Citigroup’s stock lagged its bank rivals in 2021, but Firm of America analyst Ebrahim Poonawala believes the bank’s initiatives to reorganise and streamline the bank’s worldwide operations, including an exit strategy for Mexico, are on the right track. Citigroup shares are currently trading at a discount to tangible book value. C stock, which ended at $63.22 on April 23, has a “buy” rating and a $100 price objective from Bank of America.

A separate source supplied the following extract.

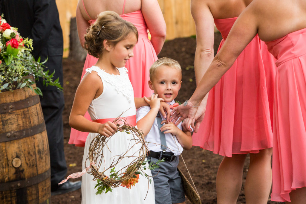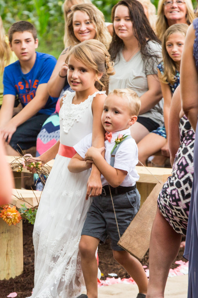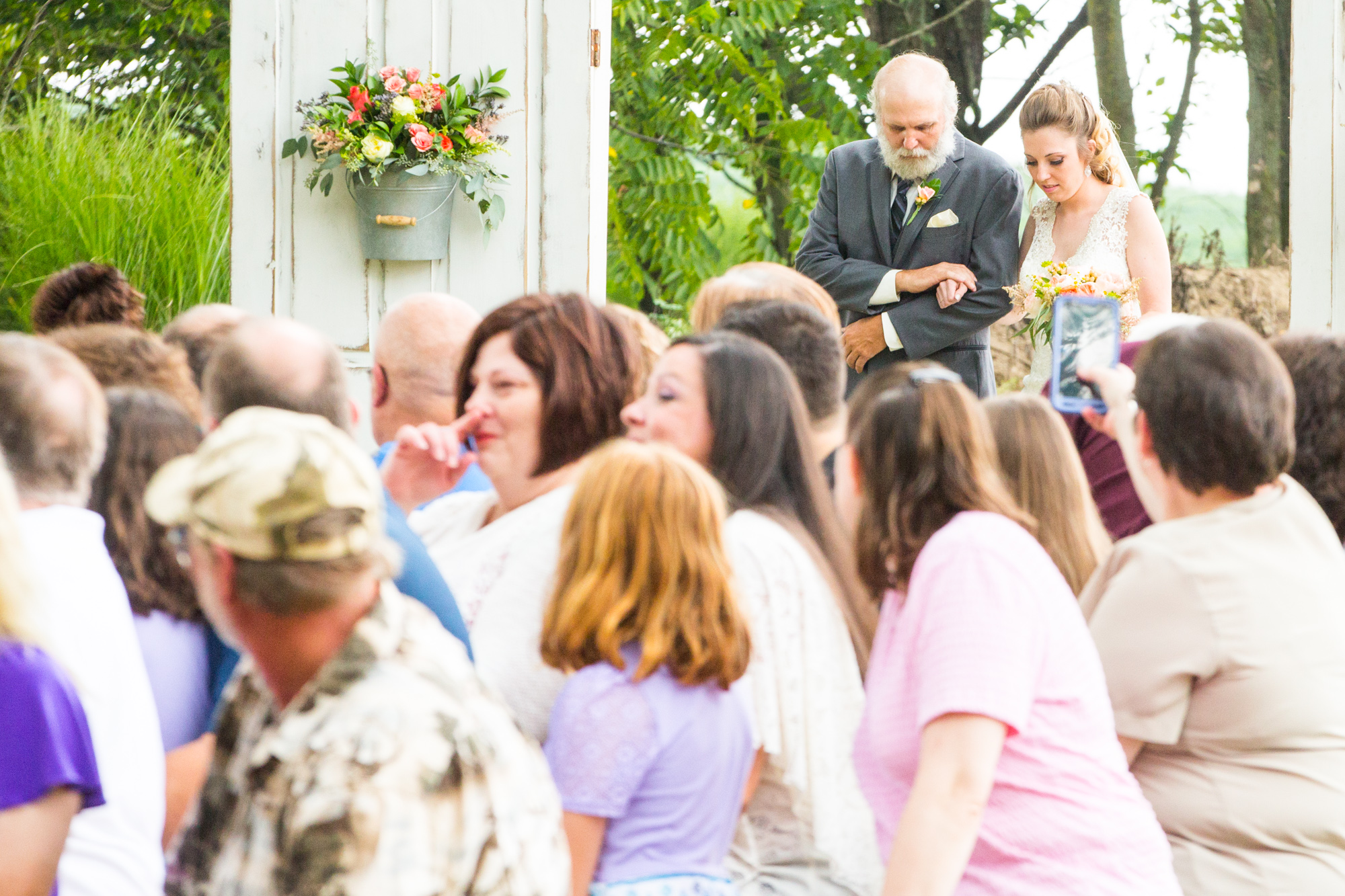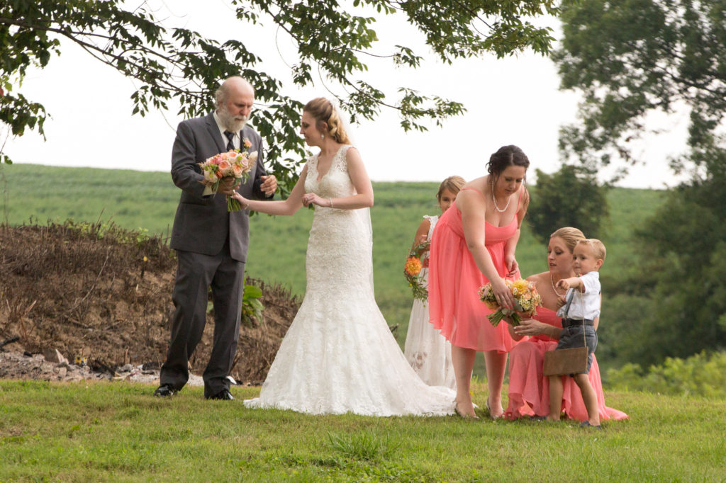 Th wedding party walked up a small hill with a cornfield in back of them which I thought made for a nice photo. I shot so there was grass in front, the wedding party and then the corn rows behind. When they reached their spot to walk down the isle a doorway had been made for them to walk through. There were two barrels with beautiful flowers set on either side of the door. When given the ok I started the songs for them to walk in to and also started shooting pictures.
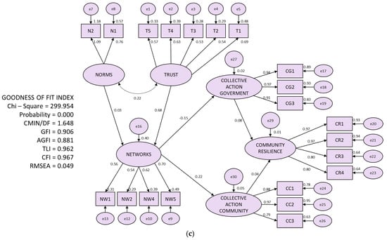Based on the estimated value and goodness of fit (Figure 7a–c) of the three SEM models, model 3 was the fittest model among the three alternative models. This is because in the path diagram’s depiction, the model’s eligibility requirements were at least 4–5 GOFI criteria, and the three models were fit. However, model 3 was the fittest because it met five criteria. There is a lower chi-squared limit value of 299.954 (lower than the df limit value), the CMIN/DF value was 1.648, the GFI value was 0.906, the AGFI value was 0.881, the TLI value was 0.962, the CFI value was 0.967, and the RMSEA value was 0.049. Meanwhile, the relationship between the variables described in model 3 is a direct relationship between the two variables of trust and norms. The relationship between the two is directly related to the network, and the network is directly related to the community’s collective action that affects community resilience.

  • Bank of America Corp. (BAC)

Bank of America’s stock rose about 47% in 2021, but that trend hasn’t carried over into 2022. Given its high net interest income to total net revenue ratio compared to rivals, CFRA Research analyst Kenneth Leon believes Bank of America is particularly well positioned for the rising interest rate cycle. Loan volume and loan balances in the bank’s consumer and commercial/industrial businesses are expected to climb into 2022, according to Leon. As the interest margin widens, he predicts a 5% increase in revenue in 2022 and a 7% increase in 2023. BAC stock, which ended at $44.78 on April 23, has a “buy” rating and a $53 price target from CFRA.

Conclusion:

BRK.B, BAC, HSBC, ticker: C, and UBS are good buys at their present levels for any investor looking for more exposure to the banking industry and a potential inflationary hedge, thanks to their dominant market share and positions. The five stock recommendations have strong value, growth, and profitability ratings, and they provide product diversity to protect against income decreases induced by Fed tightening while also providing other income sources.

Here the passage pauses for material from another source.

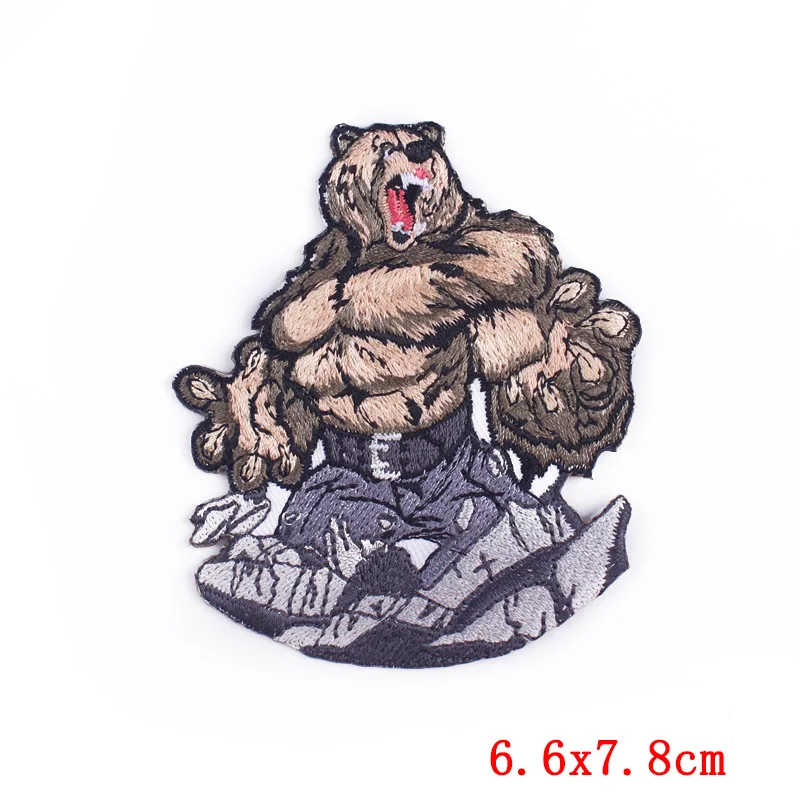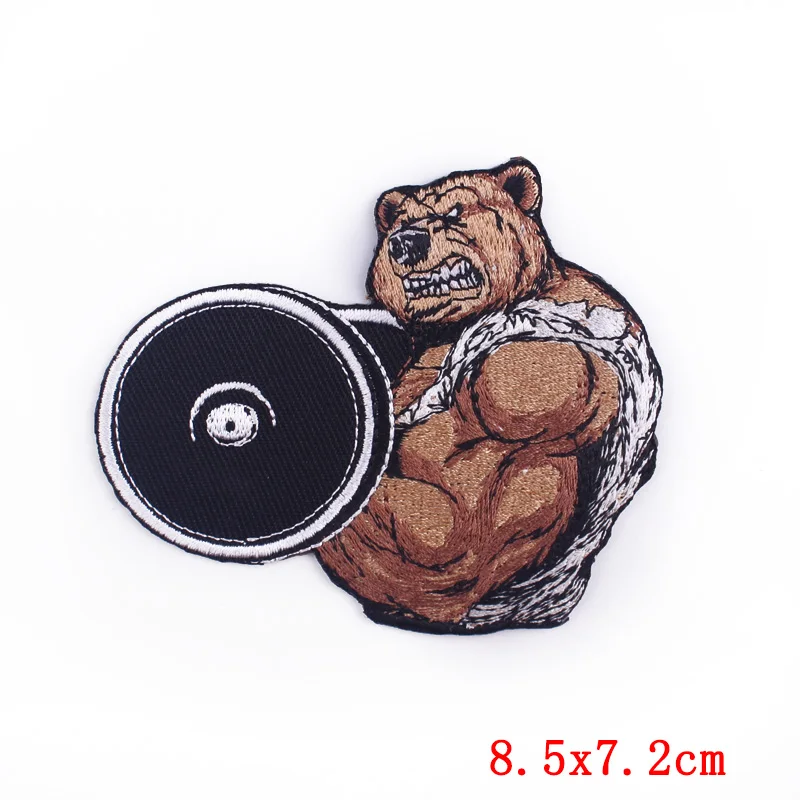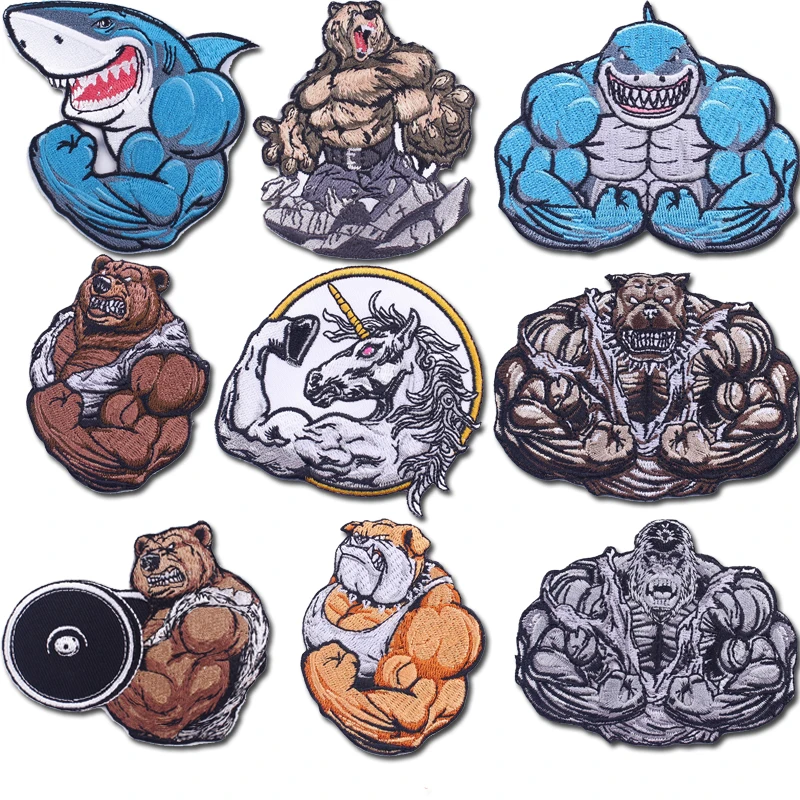 Спортивная аппликация для фитнеса, нашивки с вышитыми животными, нашивки для одежды, наклейки для мышц орангутанга/медведя/акулы/нашивка в лошадью, значки

Disclaimer: Our content is intended to be used for informational purposes only. It is very important to do your own research before making any investment based on your own personal circumstances. You should take independent financial advice from a professional in connection with, or independently research and verify, any information that you find in this article and wish to rely upon, whether for the purpose of making an investment decision or otherwise.